Para Las Cerezas

Solían pasarnos lista a escasos nombres de distancia. La G y la L están muy próximas. También compartíamos el final de la hilera cuando nos formábamos para entrar a clases: tomar distancias, descanso, avancen. Éramos altas, pero Ana Hilda era más alta que yo. A veces me pregunto si fue nuestro lugar en la fila lo que desató nuestra complicidad temprana en la primaria. Uno quisiera hurgar en el vértice donde se desatan las primeras conversaciones y elecciones. A lo mejor mi amiga Guadalupe me lo puede aclarar, porque también ella ocupaba ese espacio privilegiado de la fila. Digo privilegiado porque nos daba cierta contemplación del grupo, que se repetía en el aula escolar, pues desde los asientos del fondo, y a distancia de los profesores, podíamos intercambiar papelitos con dibujos, declaraciones de amistad, que son tesoros de pertenencia.

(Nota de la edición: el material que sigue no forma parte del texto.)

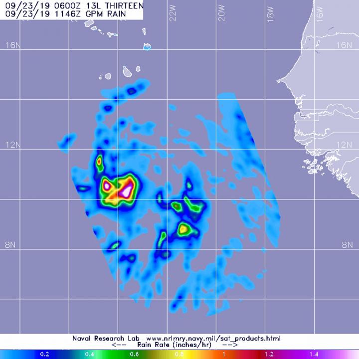 The Global Precipitation Measurement mission or GPM core satellite passed over the eastern North Atlantic Ocean on Sept. 23 at 7:46 a.m. EDT (1146 UTC) and provided rainfall rates in Tropical Storm Lorenzo. The heaviest rainfall was occurring around the center, falling at a rate of over 36 mm (about 1.4 inch) per hour and at a rate of 25 mm (about 1 inch) per hour around a band of thunderstorms southeast of center. Both the Japan Aerospace Exploration Agency, JAXA and NASA manage GPM.

Tendríamos entonces 11 años. En el anuario escolar aparecemos juntas vestidas con tutú de ballet y chongos muy remilgados. De alguna manera nos vemos demasiado grandotas para la delicadeza que supone el ballet, sonreímos y esa sonrisa, lo pienso ahora, es lo que me debe de haber acercado a Ana Hilda Galindo Maldonado, mi compañera de primaria. Si observo otras fotos en distintos momentos de la vida, Ana Hilda ostenta esa sonrisa dulce y sincera que aún prodigaba en sus últimos días en la cama de su casa (arropada por la música que su hijo Andrés le había preparado, por la voz alegre de su hija Sofi, por la compañía amorosa de Héctor).

Ana Hilda, que estudió diseño industrial en la Ibero, y que durante mucho tiempo llevó el diseño de la Harley Davidson en México, lo que a sus amigas nos parecía muy original y muy rockero, ad hoc con la generación que somos y con la música que escuchamos y las parejas que escogimos, en realidad lo que disfrutaba y para lo que tomó muchos cursos y talleres era la plástica. La encáustica, la acuarela, la litografía y sobre todo el monotipo eran su pasión y donde la generosidad que prodigaba a los demás, encontraba otra forma de extensión de su persona y sus búsquedas. Participó en numerosas exposiciones colectivas e individuales (la más reciente en el Museo de Bellas Artes de Toluca en 2014), en México y otras partes del mundo pero, discreta como era, compartía con recato sus logros y exploraciones plásticas.

Para festejar nuestras varias décadas, hace un par de años tres amigas hicimos un afortunado viaje para visitar a la amiga que vive en Portugal y allí tuvimos la oportunidad de conversaciones, alegrías y sinceridades que la vida cotidiana difícilmente permite. Ana Hilda pasó un buen rato detrás de la cámara, su ojo inquieto no sólo nos tomó las mejores fotos, sino que preparaba ya una exposición futura retratando los carteles sobre John Kennedy, en todo tipo de lugares en París. Era dichoso descubrir las pasiones de la mirada de Ana Hilda, la vehemencia con que dijo hay que ver la exposición de Mona Hatoum, o la de Anish Kapoor en Versalles. Su brújula estética cinceló esos felices días celebratorios donde ninguna considerábamos que su tiempo estaba acotado (como ninguno lo hacemos con nuestras propias vidas).

La elegante generosidad de su persona la ha dejado entre nosotros para reconocer que su capacidad de amistad, su mirada como artista, la dulzura de su compañía, la facilidad de su sonrisa y su discreta inteligencia son excepciones. La partida de Ana Hilda me deja profundamente triste, porque los amigos no deben morirse, porque nos pensamos eternos jóvenes (y tal vez en nuestro deseo de seguirnos comiendo el mundo lo somos), porque somos cómplices de vida y hemos crecido juntos y queremos seguir tomando distancia y avanzar al salón pensando que la vida entera está frente a nosotros.